Sauvée
de Monique Thomassettie

critiqué par Débézed, le 5 janvier 2023
(Besançon - 76 ans)


La note:  étoiles
Poèmes rédempteurs
Grande poétesse, auteure à la plume très affutée, Monique Thomassettie sait tout faire dans le monde du livre ainsi a-t-elle éditée elle-même ce recueil dont elle a réalisé la mise en page, les illustrations, la couverture et tout ce qui est nécessaire à sa publication avant de le confier à un imprimeur.

Ce texte est un recueil de poésie composé de poèmes répartis en quatre chapitres correspondant chacun à une « époque » de la vie de l’auteure, époque étant entendu comme étape dans la réflexion qu’elle mène sur elle-même, sur la vie qu’elle a plus subie que voulue, sur ce qu’elle voudrait devenir. Un texte mémoriel, thérapeutique, déjà testamentaire … Ce texte commence par un appel d’un lieu où elle semble avoir connu une certaine paix. « De Ta voix de montagne / Tu me rappelles, / en mes plaines / mes horizons qui de plus en plus / encerclent / uniformément // … ».

Elle se souvient, elle voudrait oublier, la dépression, « Moult causes à ma dépression. / Anciennes, récentes, présentes. / Causes d’ordres différents, / mais dont le point commun / est la négation de ma personne … ». Les failles de l’enfance qui l’ont conduite à cette dépression, la discordance qui sonnait entre le père et la mère. « Elle en allemand, / lui en français.». L’entente ne pouvait pas être très cordiale, les enfants ont subi jusqu’à l’humiliation, jusqu’à être traités de « Boches » parce que les garçons avaient été enrôlés de force dans la Wehrmacht comme les « Malgré nous alsaciens et lorrains ».

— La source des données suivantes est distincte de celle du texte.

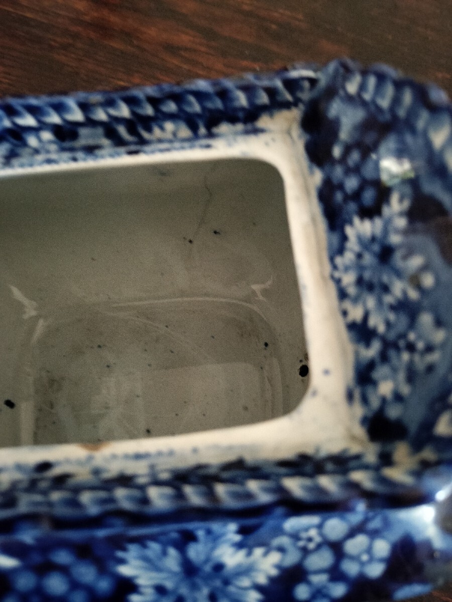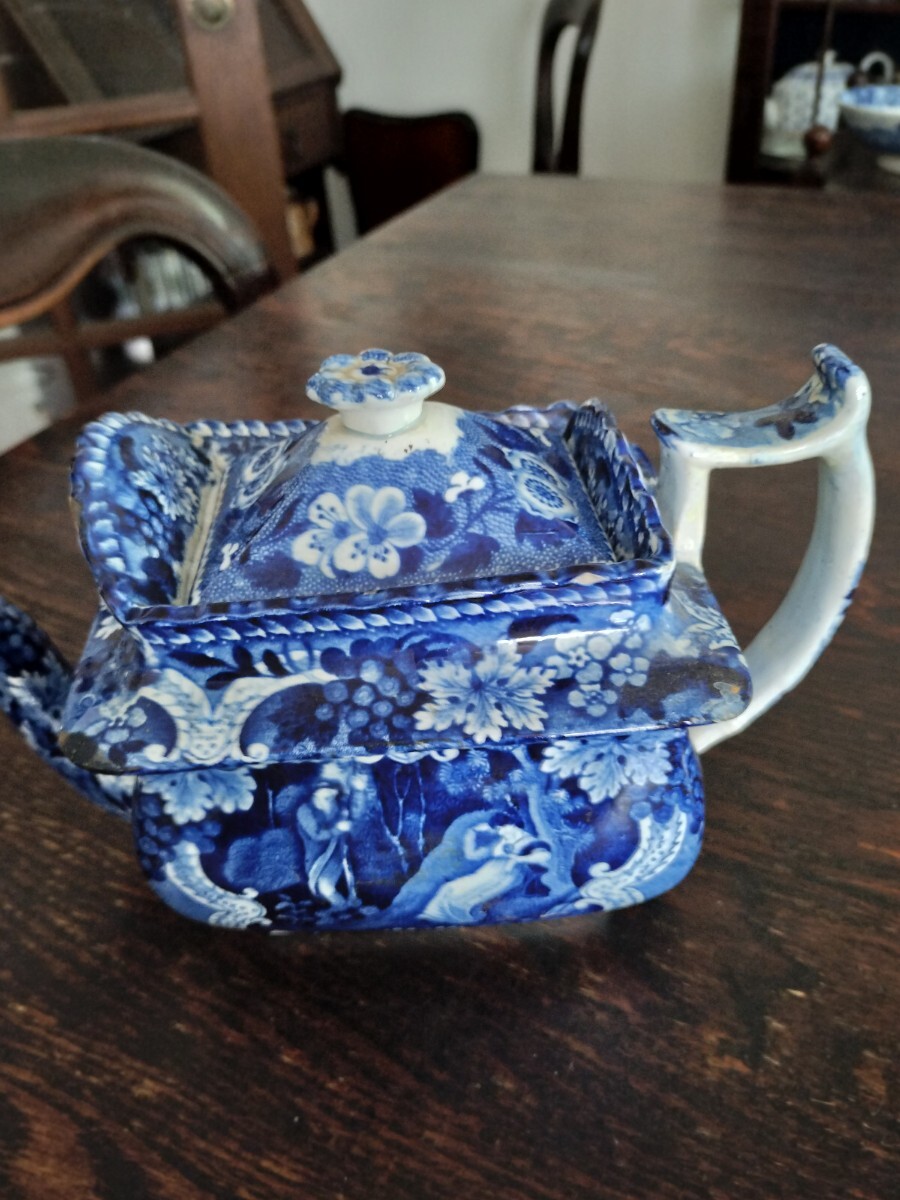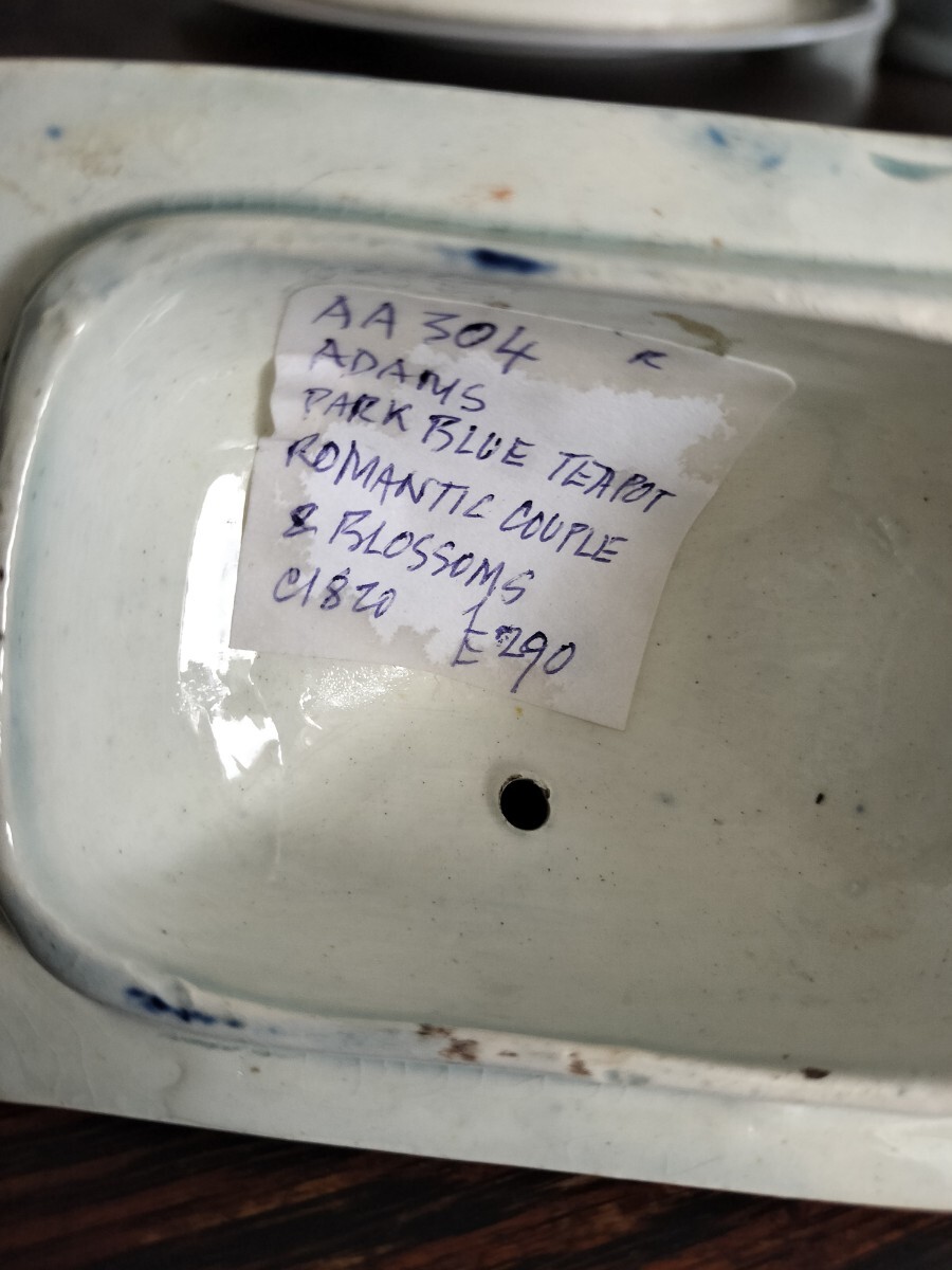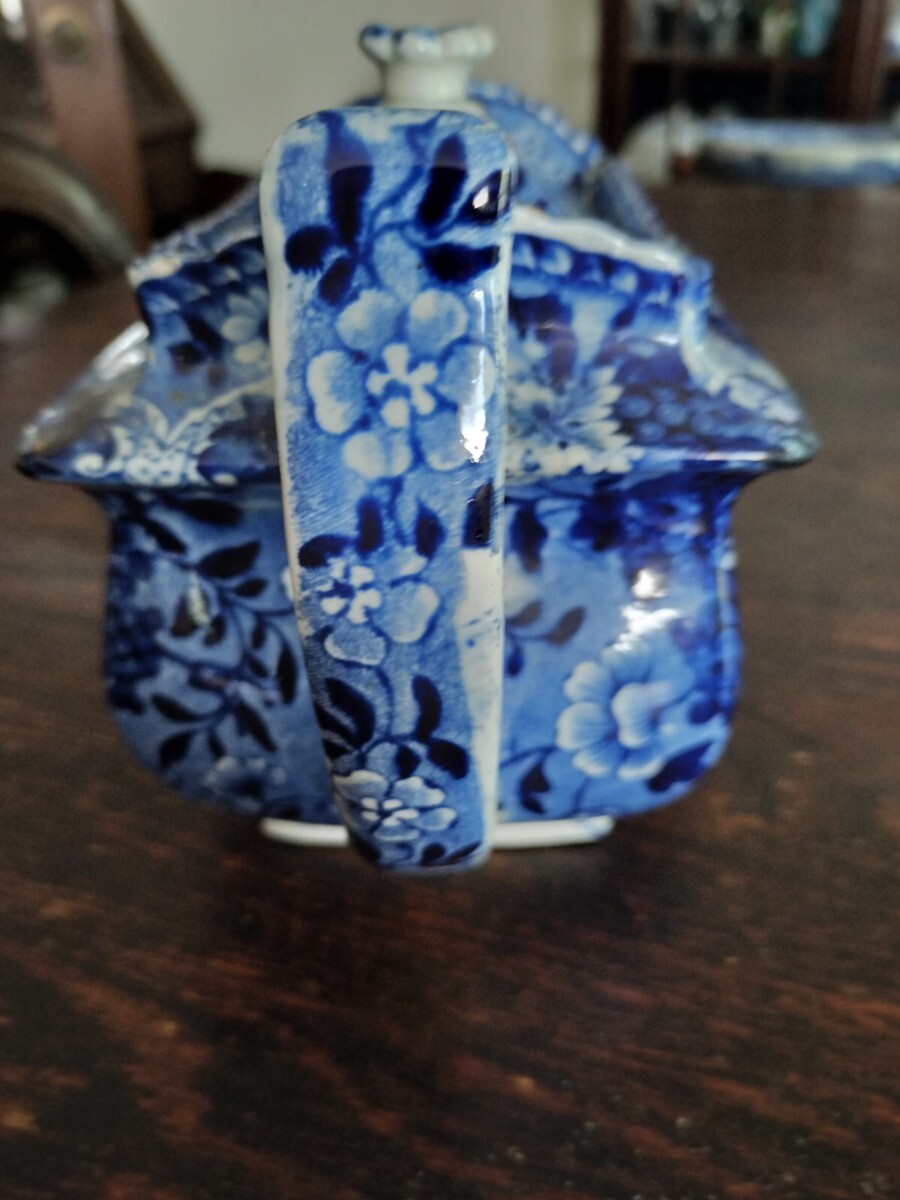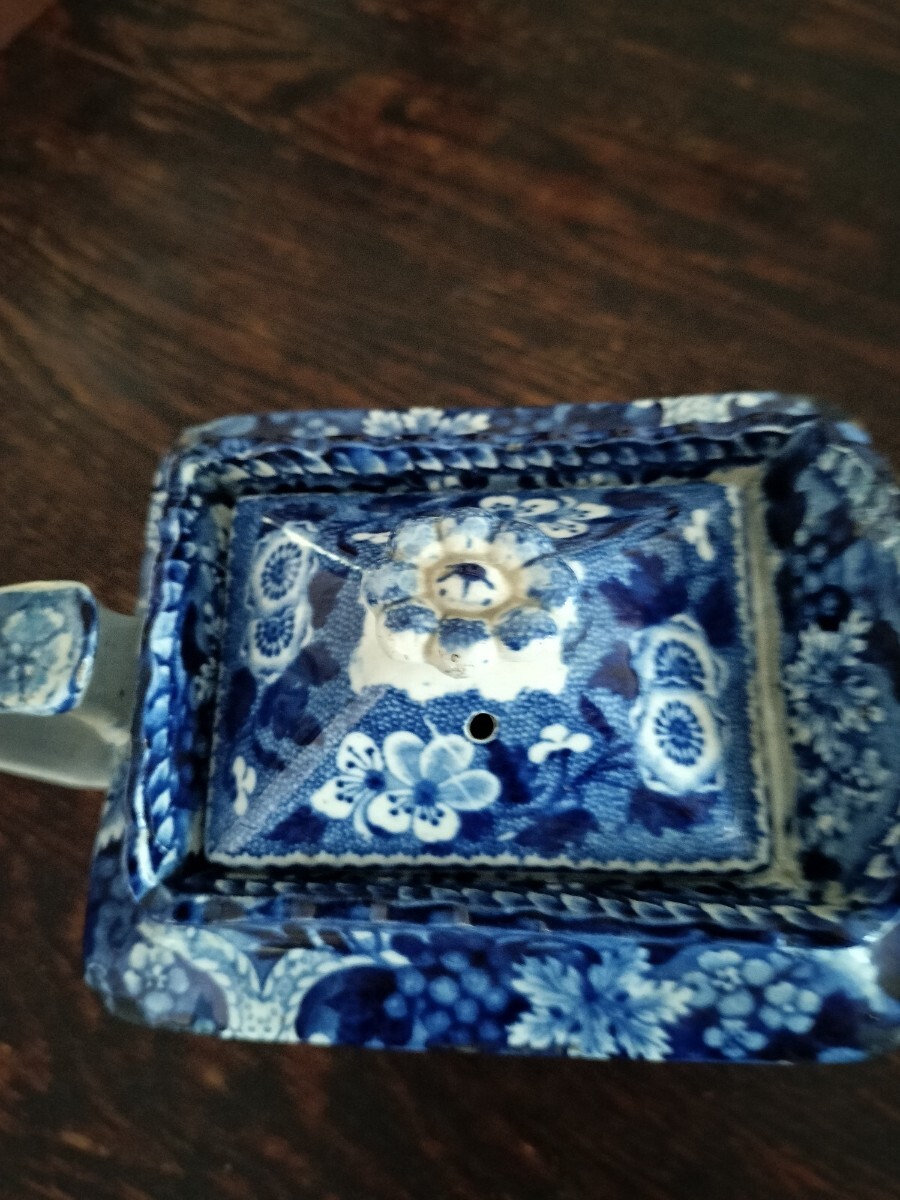 以前にロンドンの骨董店で手に入れた品。ブルーアンドホワイトの専門店です。古く入手が困難なこういった品が店内に足の踏み場も無いほどありました。今はこういったお店も品も影もありません。この品はポットの蓋に説明がありますよう1820年製の図柄も色合いも特別な品です。飾っていました。古い品ですのでクラックがありますが水漏れはありません。

Mais comment faire comprendre aux autres l’origine, le sens de cette dépression ? L’écriture peut paraître insuffisante. « Je crains les critiques ou recenseurs / qui ignorent mon cheminement / … ». et pourtant la lecture des auteurs favoris est d’un grand secours pour oublier cette dépression si prégnante. « Pour la troisième fois de ma vie, / me voici savourant Marcel Proust ! / Comment mieux me guérir / qu’en retrouvant le Temps /… ».

La religion est autre un refuge souvent évoqué à travers Dieu lui-même mais aussi à travers les saints, comme Saint François d’Assise et ses moineaux, ou des événements bibliques, « Mon cœur enflammait le buisson. / Et le buisson s’est tu / … ». La religion, l’art, la littérature, la poésie sont les piliers de ce texte que l’auteure voudrait rédempteur, elle a la volonté de sortir de cette dépression envahissante, « À la force de mon poignet qui écrit, / remonter ma pente dépressive. / … ».

Sortir de la spirale de la dépression et donner aux autres pour qu’ils puissent eux aussi sortir de leur ornière ou tout simplement ne pas s’y enfoncer. « Oui, j’abreuve, nourris. / En mes œuvres, beaucoup se ressourcent ». Elle boucle la boucle de son désespoir en répondant à l’appel de la montagne où elle se réfugie, là où « L’Espace allège mon fardeau. / Et j’avais déjà espacé / les vers centrés de mes derniers poèmes. / Dès que je me suis sentie / s a u v é e ».

Ce livre, l’auteure le définit elle-même : « Livre de mes résurrections / Ainsi peut se titrer / mon œuvre entier. / Tant un fil de résilience / unit mes écrits et tableaux … ». Mémoire, souvenirs, résilience, rédemptions et partage, tel pourrait-être le testament que Monique livre dans ce texte éblouissant, d’une force, d’une puissance évocatrice transcendantes.